The output has to count ALA 8 times instead of 40 which is the current case with my script (bold: cat $i | grep -o -i $AAA | wc -l | awk '{print $1}'
).
Also I was trying to figure out how to count ALA 8 times using strictly the # awk -F"[ ]" -v SRCH="$AAA" '$0 ~ SRCH && !OCC[$6]++ {CNT++ } END {print CNT+0}' $i
command (commented), however I am struggling to get the correct awk command.

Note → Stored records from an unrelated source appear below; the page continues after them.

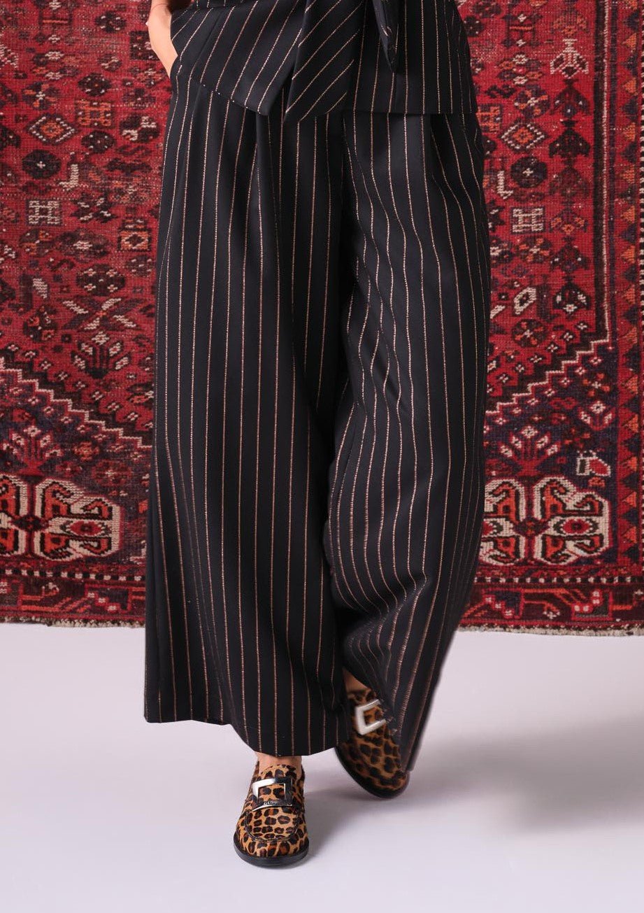 Calças de cintura subida com pregas. Pernas largas. Bolsos laterais e bolsos traseiros embutidos decorativos. Riscas do tom em rose gold em contraste. Fecho frontal com fecho de correr e botão.
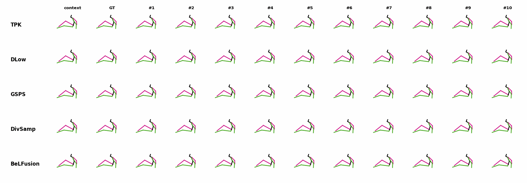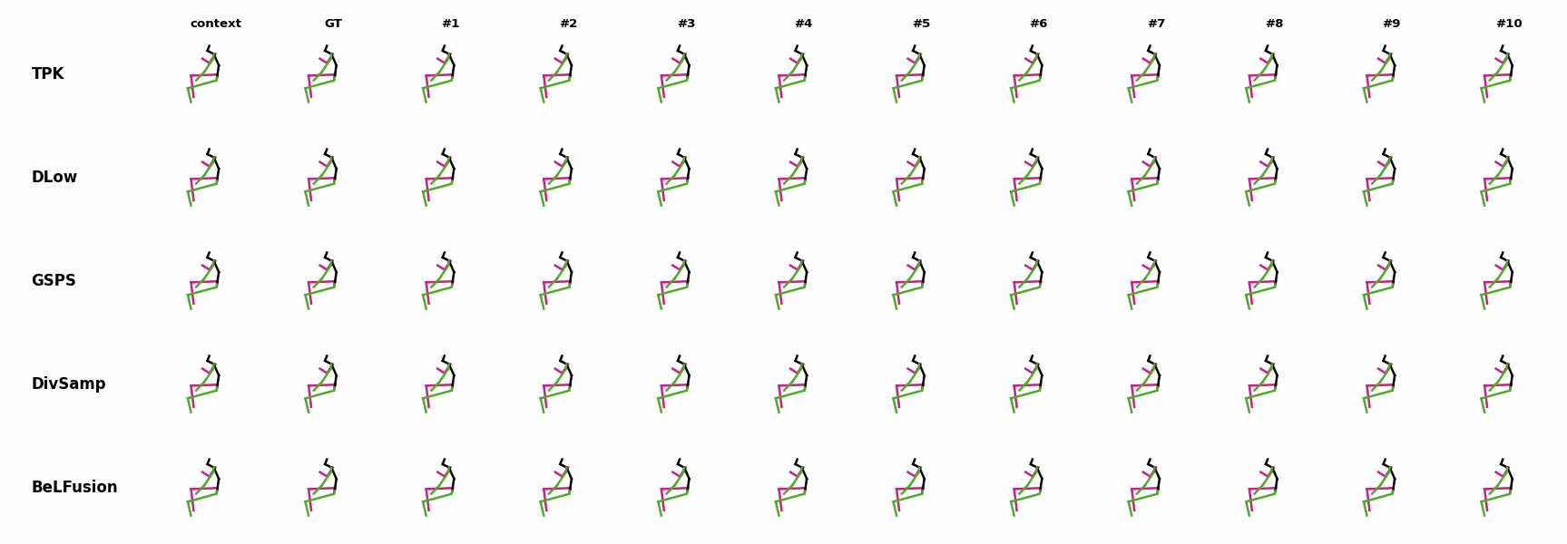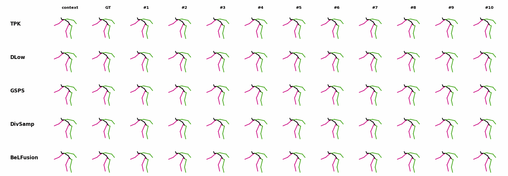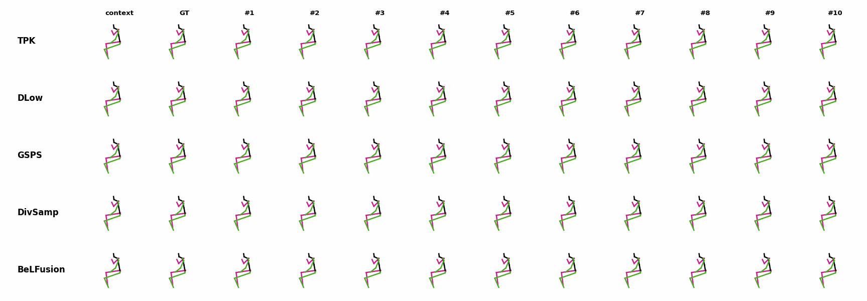 BeLFusion is able to detect that the dance moves involve keeping the arms arising while moving or rotating. In comparison, DLow, GSPS, and DivSamp simply predict other unrelated movements. TPK is only able to predict a few samples with fairly good continuations to the dance step.
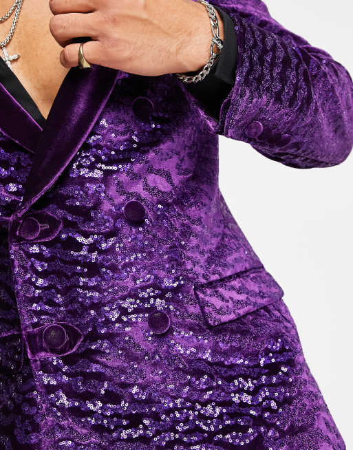 ASOS DESIGN super skinny velvet sequin suit jacket in purple Very well made.
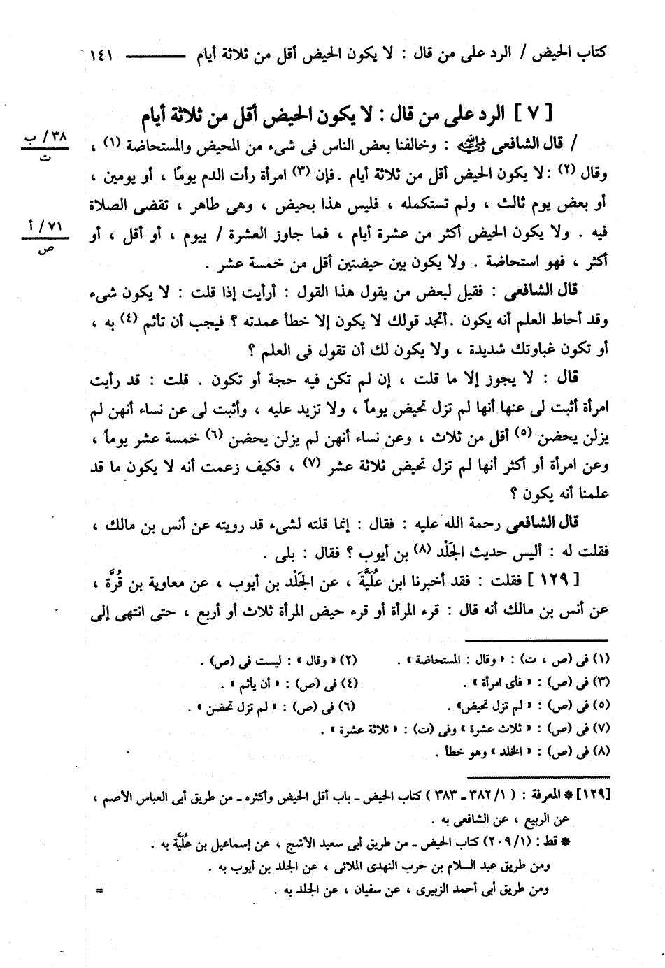 قَالَ الشَّافِعِيُّ : فَقَالَ إنَّمَا قُلْتُهُ لِشَيْءٍ قَدْ رَوَيْته عَنْ أَنَسِ بْنِ مَالِكٍ فَقُلْت لَهُ أَلَيْسَ حَدِيثُ الْجَلْدِ بْنِ أَيُّوبَ فَقَالَ بَلَى فَقُلْت فَقَدْ أَخْبَرَنِي ابْنُ عُلَيَّةَ عَنْ الْجَلْدِ بْنِ أَيُّوبَ عَنْ مُعَاوِيَةَ بْنِ قُرَّةَ عَنْ أَنَسِ بْنِ مَالِكٍ أَنَّهُ قَالَ قُرْءُ الْمَرْأَةِ , أَوْ قُرْءُ حَيْضِ الْمَرْأَةِ ثَلاَثٌ أَوْ أَرْبَعٌ حَتَّى انْتَهَى إلَى@
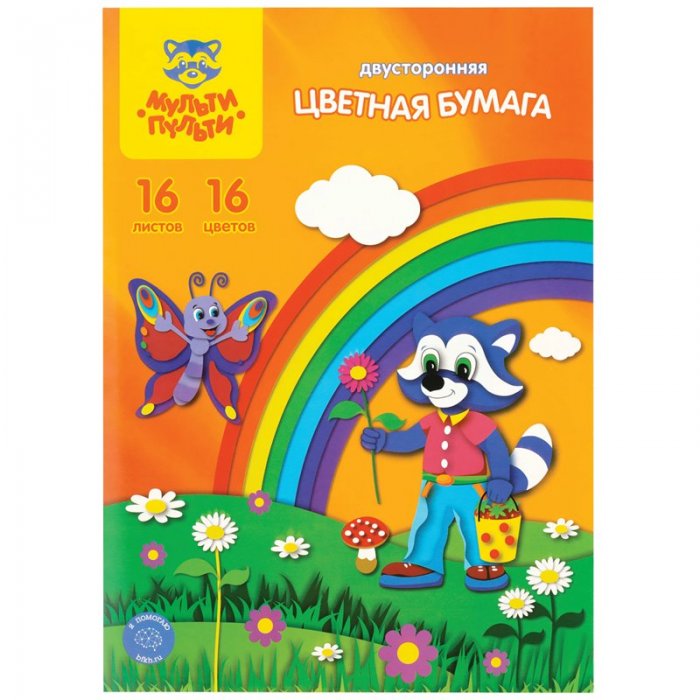 Бумага цв. А4 двухст. 16лис. 16цв.Мульти-Пульти, офсетная в папке БЦо16-16дв_13974
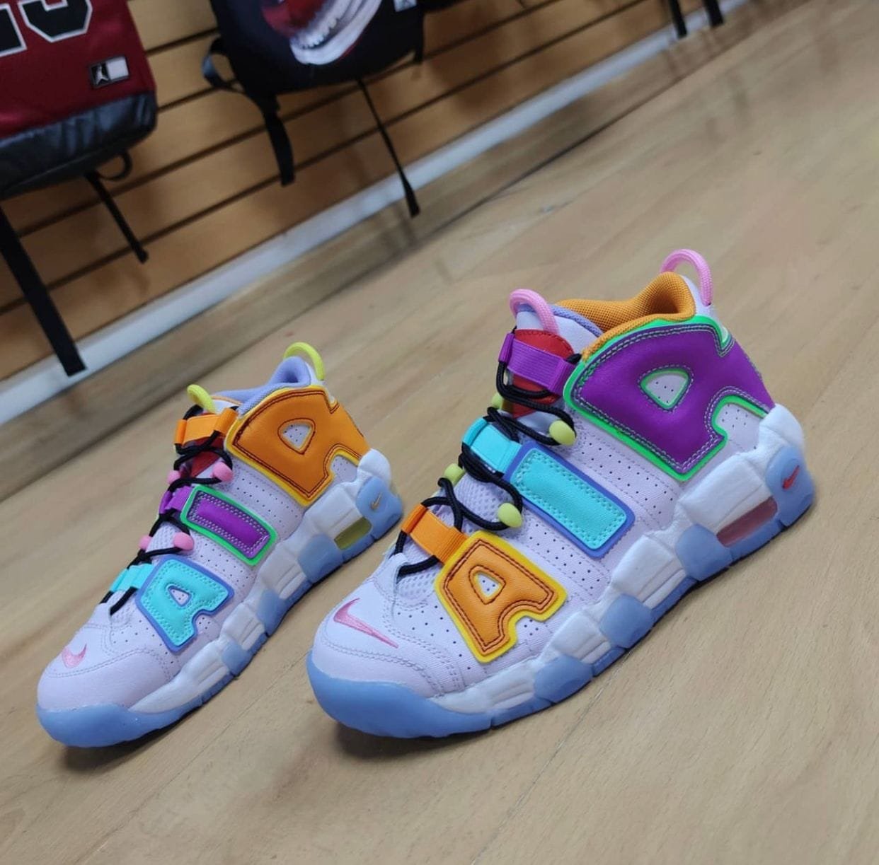 This Uptempo has a special meaning as well as a nice appearance. Whilst we’re currently unsure who to credit the message to, we still love the pair just as much thanks to its pleasing colour palette and subtle hues. The Uptempo silhouette has a translucent gridded upper that allows us to see the effect underneath. The instantly recognisable ‘AIR’ panelling is outlined, matching to the Branded branding at the top of the tongue, whilst mini-Swooshes in can be seen on the midsole and toe.
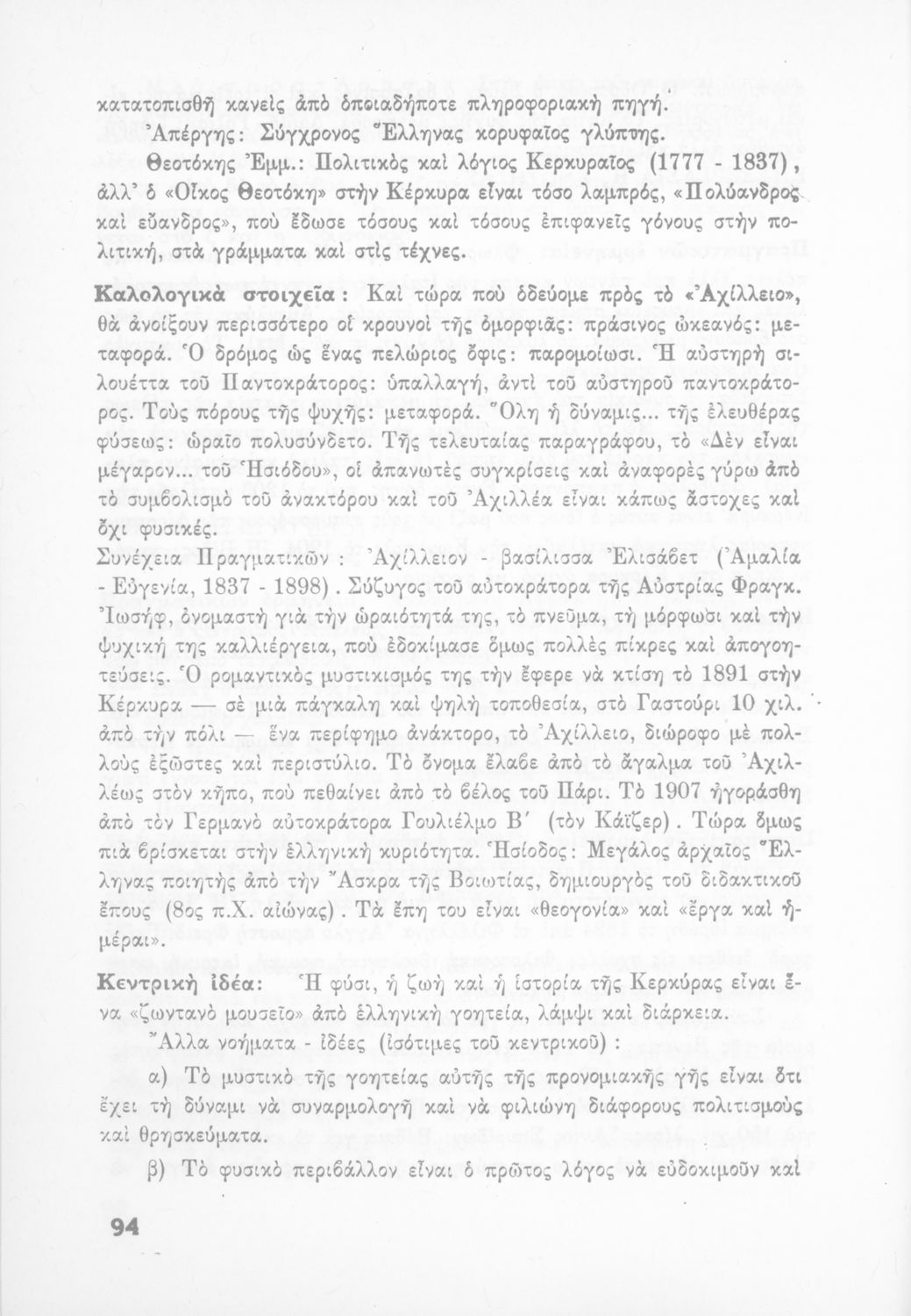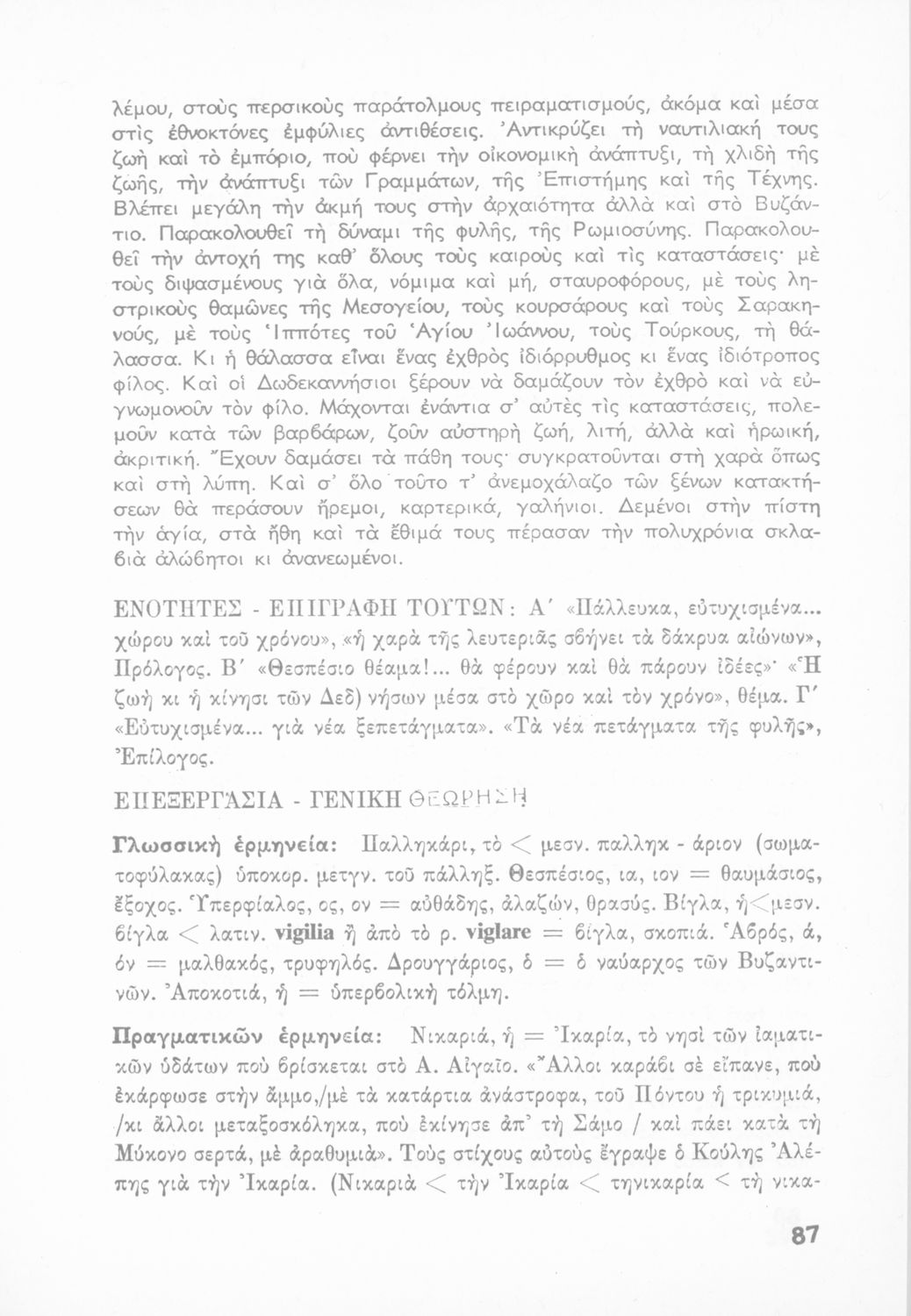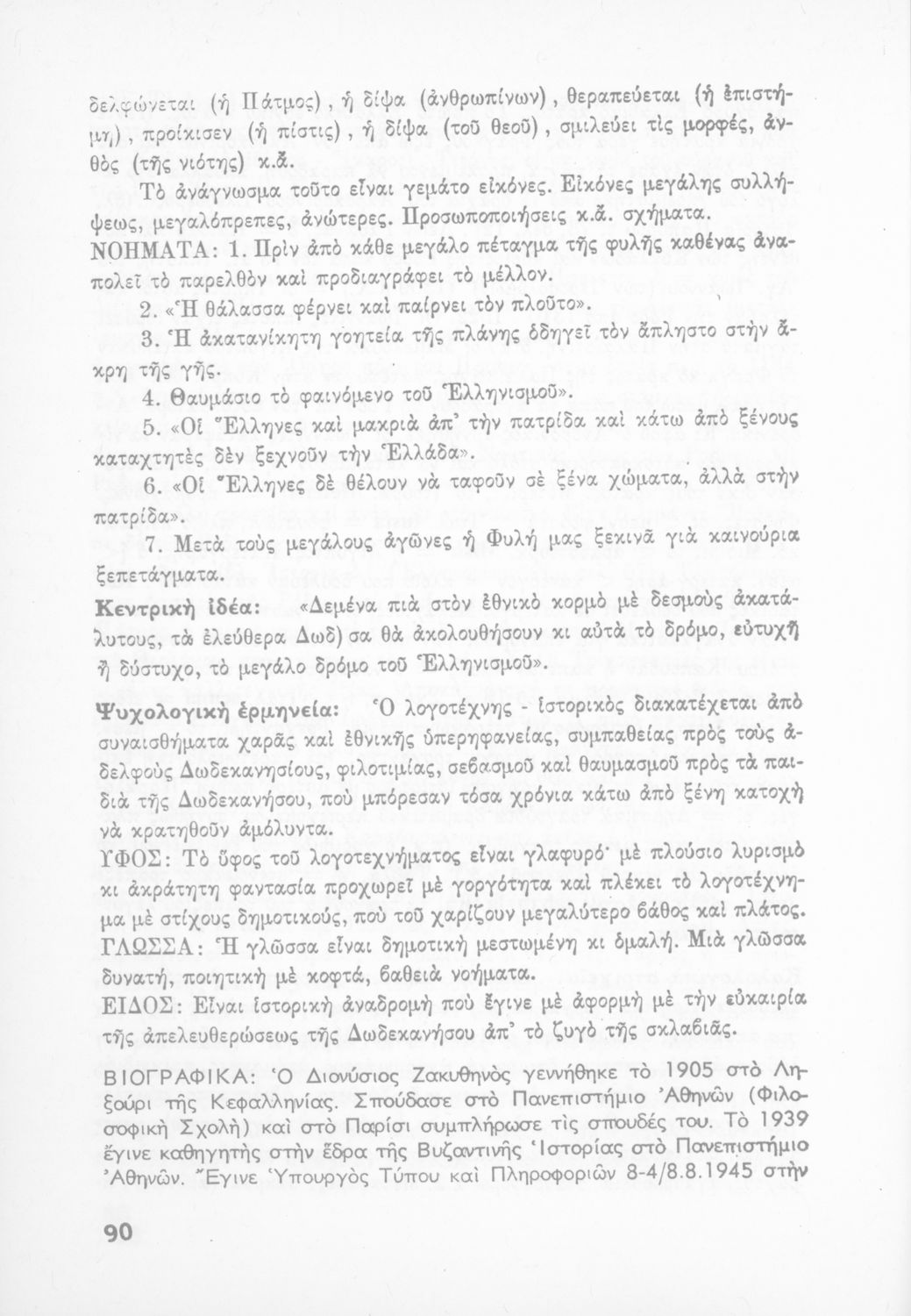 Σχολικό εγχειρίδιο Νέων Ελληνικών Δ΄ Γυμνασίου και Β΄ Αστικού Σχολείου που περιέχει πεζά και ποιήματα Ελλήνων συγγραφέων εμπνευσμένα από τη θρησκευτική και κοινωνική ζωή, την ελληνική μυθολογία, την αρχαία και

Thus, I would like to ask of few questions:
1) How could I make the bolded command count ALA 8 times instead of 40?
2) How could I make strictly the awk command (commented) count ALA also 8 times instead of 5 as it does now which does not make sense as there are much more ALA words?